**What this task involves**
Copy the first line of the entries below and every line after it through the line containing "2026年4月18日と19日の2日間、兵庫県神戸市のTOTTEI PARKにて、アウトドアイベント「OSOTO FESTIVAL". Do not include pictures.

(Source records)
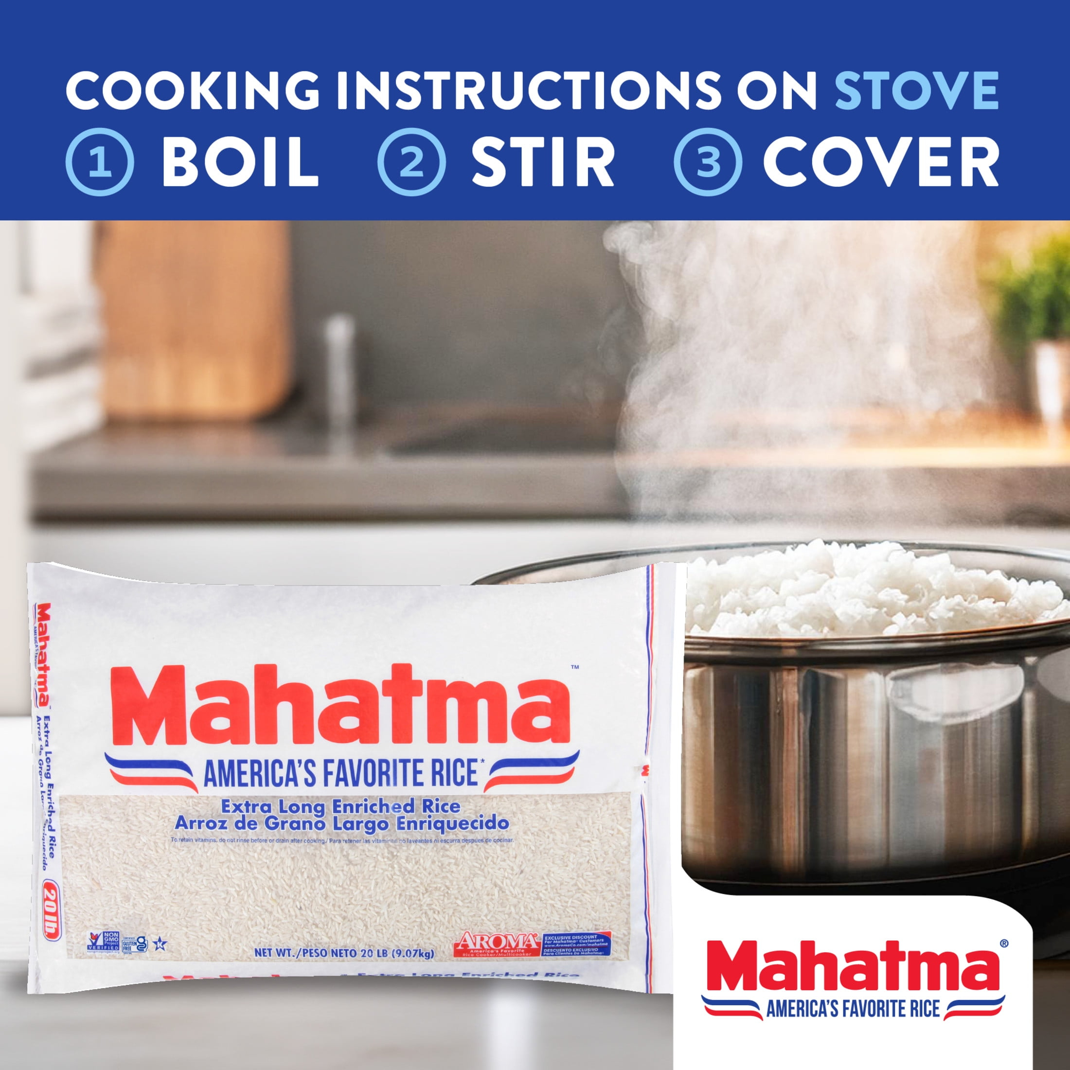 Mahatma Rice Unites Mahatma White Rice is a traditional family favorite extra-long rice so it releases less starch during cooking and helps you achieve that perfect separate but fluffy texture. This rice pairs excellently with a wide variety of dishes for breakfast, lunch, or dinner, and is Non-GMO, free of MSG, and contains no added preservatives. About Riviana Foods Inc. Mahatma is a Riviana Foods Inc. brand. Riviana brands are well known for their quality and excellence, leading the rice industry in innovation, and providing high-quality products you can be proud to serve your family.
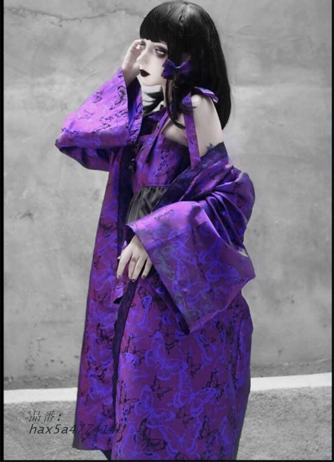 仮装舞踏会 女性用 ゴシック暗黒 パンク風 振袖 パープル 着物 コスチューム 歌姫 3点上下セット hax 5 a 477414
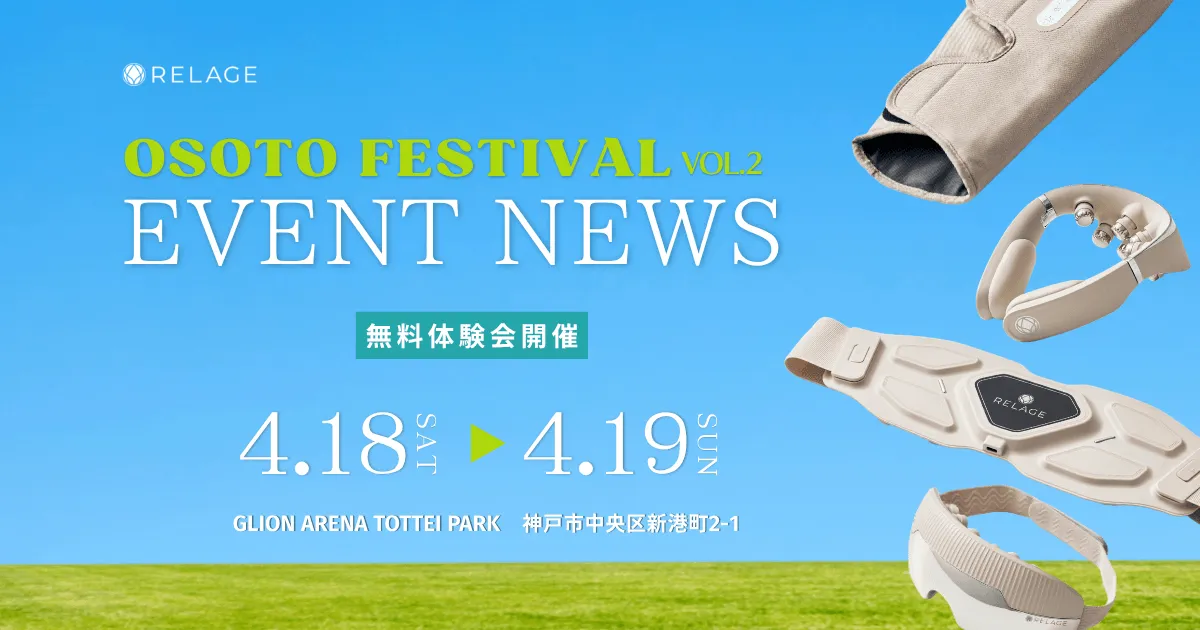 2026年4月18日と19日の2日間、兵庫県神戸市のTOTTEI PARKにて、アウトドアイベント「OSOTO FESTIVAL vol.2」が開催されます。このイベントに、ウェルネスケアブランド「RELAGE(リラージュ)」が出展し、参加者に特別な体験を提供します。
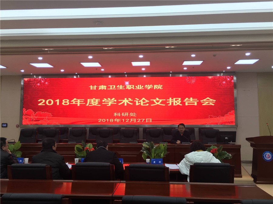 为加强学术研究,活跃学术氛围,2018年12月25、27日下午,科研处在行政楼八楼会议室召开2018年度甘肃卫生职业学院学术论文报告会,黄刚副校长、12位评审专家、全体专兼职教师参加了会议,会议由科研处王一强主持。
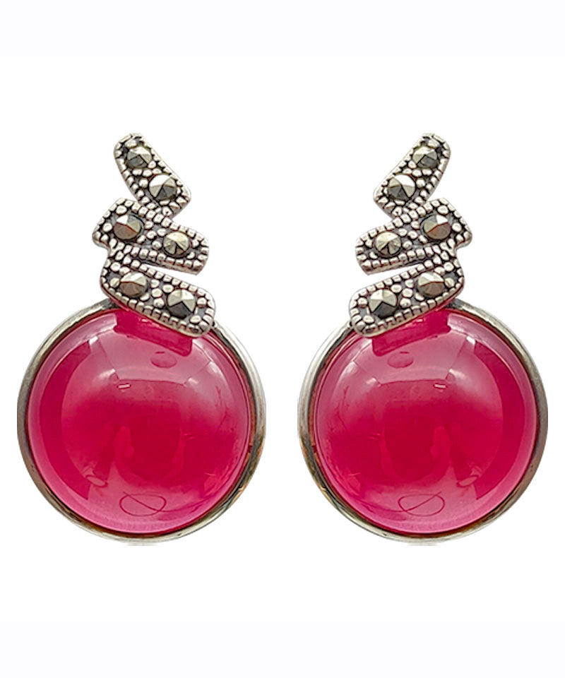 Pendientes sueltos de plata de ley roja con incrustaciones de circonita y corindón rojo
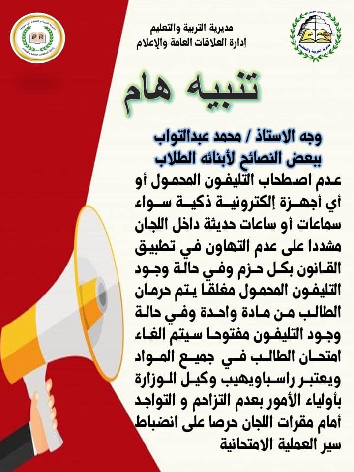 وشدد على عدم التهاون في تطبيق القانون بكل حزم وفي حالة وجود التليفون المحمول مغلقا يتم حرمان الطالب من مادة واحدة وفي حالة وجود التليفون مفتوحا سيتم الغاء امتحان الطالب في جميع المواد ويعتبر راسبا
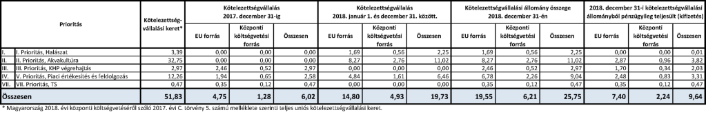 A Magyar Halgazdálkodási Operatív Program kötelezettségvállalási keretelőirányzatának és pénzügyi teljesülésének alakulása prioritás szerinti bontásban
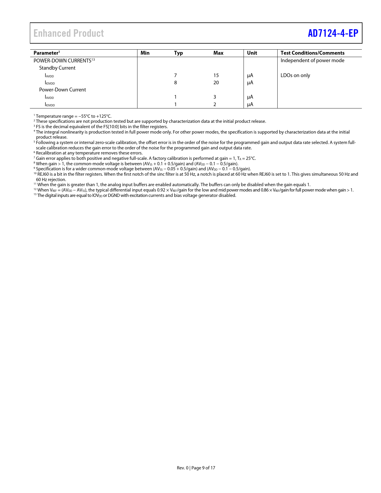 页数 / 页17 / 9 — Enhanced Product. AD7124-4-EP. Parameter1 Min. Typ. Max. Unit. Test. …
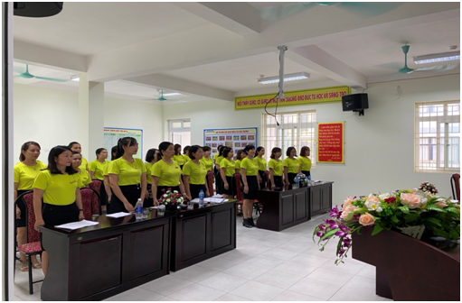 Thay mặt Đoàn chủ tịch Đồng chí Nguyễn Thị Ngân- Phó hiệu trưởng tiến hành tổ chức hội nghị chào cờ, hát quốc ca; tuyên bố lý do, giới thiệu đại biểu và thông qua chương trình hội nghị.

**Task result**
 Mahatma Rice Unites Mahatma White Rice is a traditional family favorite extra-long rice so it releases less starch during cooking and helps you achieve that perfect separate but fluffy texture. This rice pairs excellently with a wide variety of dishes for breakfast, lunch, or dinner, and is Non-GMO, free of MSG, and contains no added preservatives. About Riviana Foods Inc. Mahatma is a Riviana Foods Inc. brand. Riviana brands are well known for their quality and excellence, leading the rice industry in innovation, and providing high-quality products you can be proud to serve your family.
 仮装舞踏会 女性用 ゴシック暗黒 パンク風 振袖 パープル 着物 コスチューム 歌姫 3点上下セット hax 5 a 477414
 2026年4月18日と19日の2日間、兵庫県神戸市のTOTTEI PARKにて、アウトドアイベント「OSOTO FESTIVAL vol.2」が開催されます。このイベントに、ウェルネスケアブランド「RELAGE(リラージュ)」が出展し、参加者に特別な体験を提供します。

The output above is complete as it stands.